2023 Election: Everybody should get ready, Fulani has Surrounded Nigeria, it’s now clear to them they will lose to Peter Obi, get your guns nobody will defend you - Obasanjo,” a Facebook post quotes Nigeria’s former president Olusegun Obasanjo as saying.

The Fulani are an ethnic group scattered throughout many parts of Africa. They are concentrated principally in Nigeria, Mali, Guinea, Senegal, and Niger.

Obi is a Nigerian politician and the presidential candidate for the Labour Party. Obasanjo was Nigeria’s president from 1999 to 2007 under the People’s Democratic Party (PDP).

Obi has been much talked about as a “third force” alternative to the presidential candidates of the governing All Progressives Congress party and the opposition PDP. 

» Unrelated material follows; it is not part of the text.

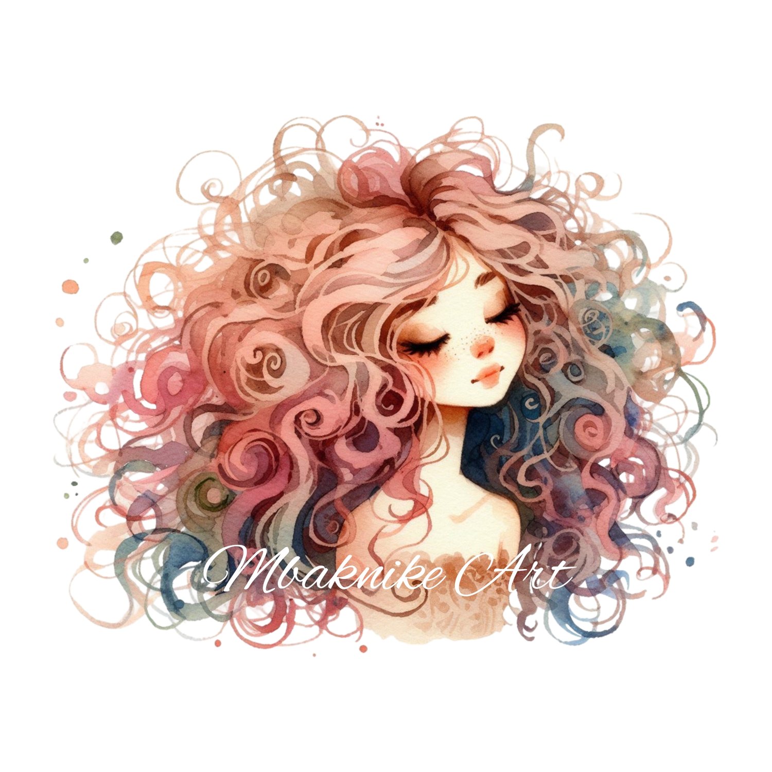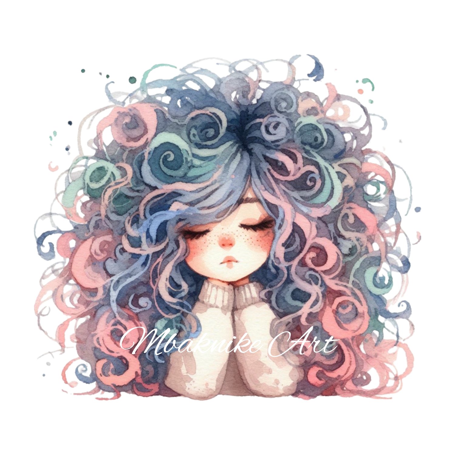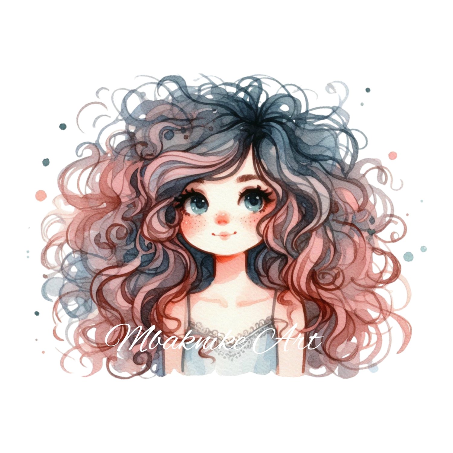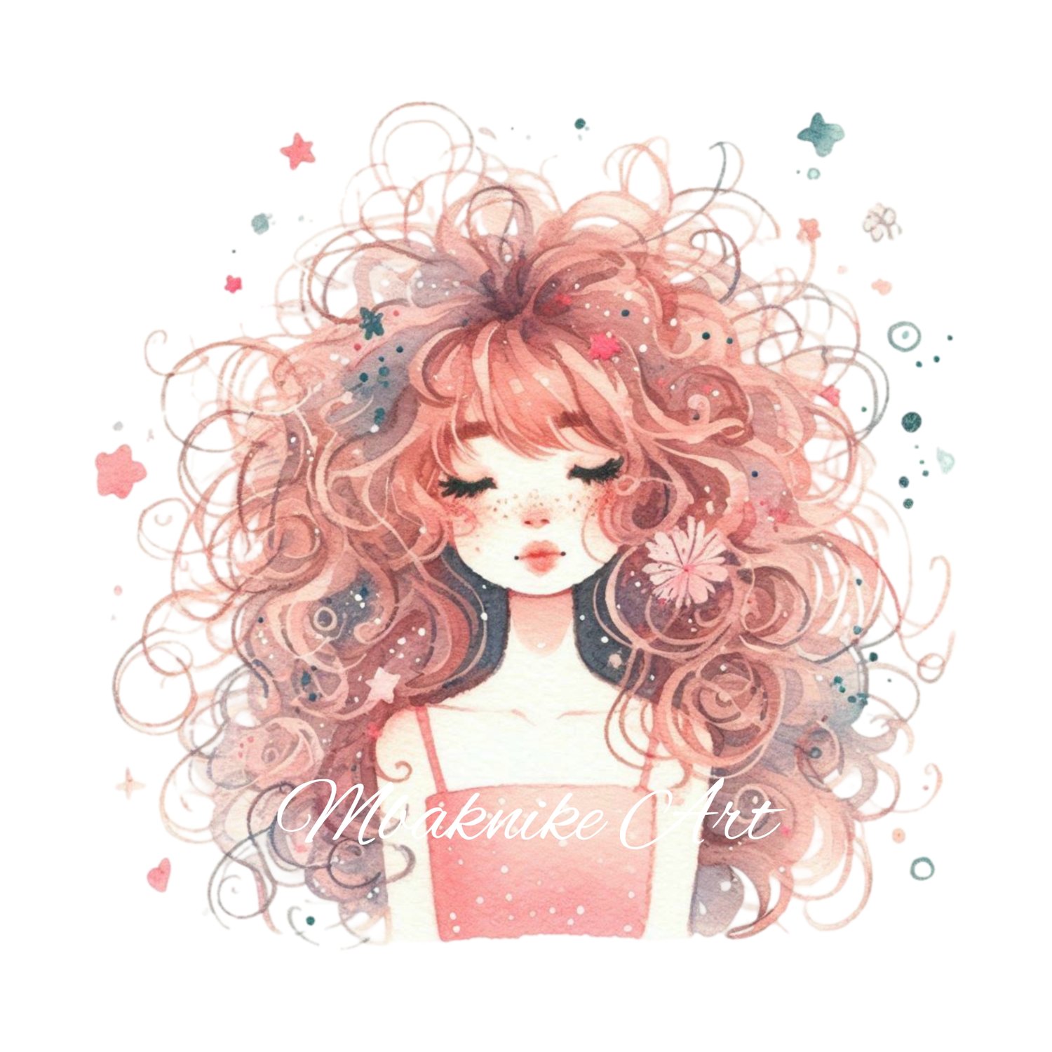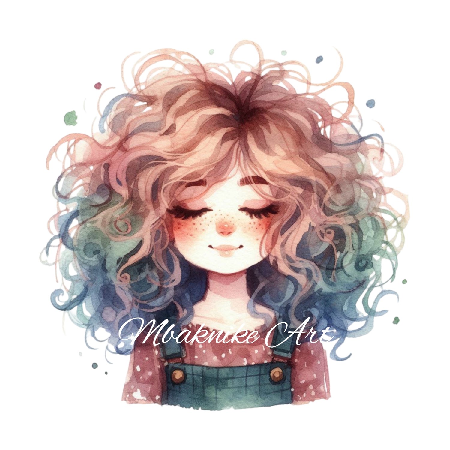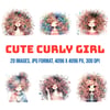 Transform your creative projects with our "Cute Curly Girl Clipart" collection! This digital pack includes 20 unique and whimsical images, each in JPG format at a high resolution of 300 dpi and 4096 x 4096 px.
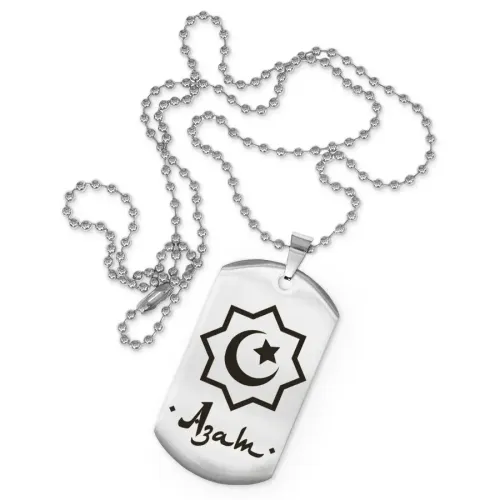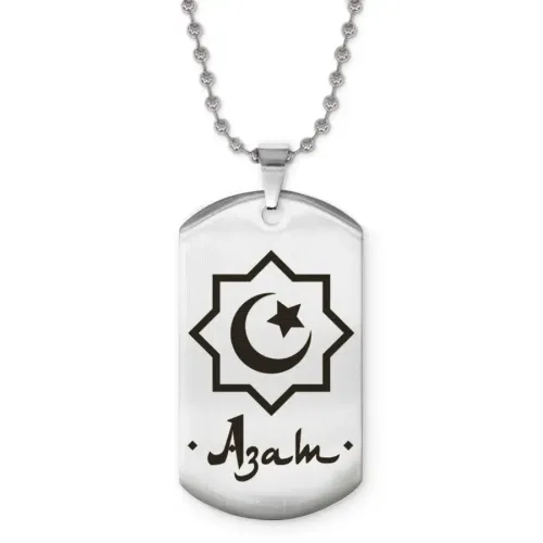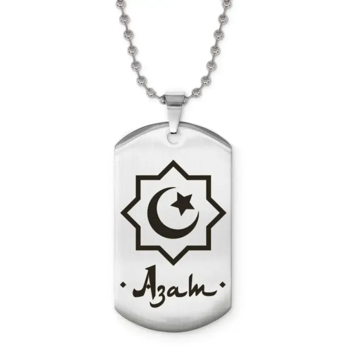 Именной кулон «Азат» — сувенирный аксессуар из нержавеющей стали с лазерной гравировкой.

The Fulani are predominantly Muslim and historically associated with cattle herding and livestock rearing. However, amongst them is a militia blamed for several attacks on communities across the country.

There have also been claims in the media about some Fulanis supposedly planning to take over Nigeria in order to Islamise the nation.

Nigeria’s north is Muslim dominated while Christians are a majority in the south.

The 4 July 2022 claim was also repeated in other Facebook posts and on Twitter.

But did Obasanjo make such a comment that would stir national tensions and add to security concerns?


No, the former president said no such thing

The original post didn’t give details of where or when Obasanjo was meant to have made the comment.

There have been no reports in the mainstream media of Obasanjo making such a comment, or saying anything related to Nigerians carrying guns

Such a statement would have been reported by credible news organisations in view of the fact that Obasanjo is described as a respected, international diplomat whose voice still matters in Nigeria politics.

As Nigeria’s 2023 elections approach, Africa Check is seeing an increasing number of quotes and comments falsely attributed to key political figures. This may distort political debate online and in real life, and so reduce voters’ ability to make informed choices.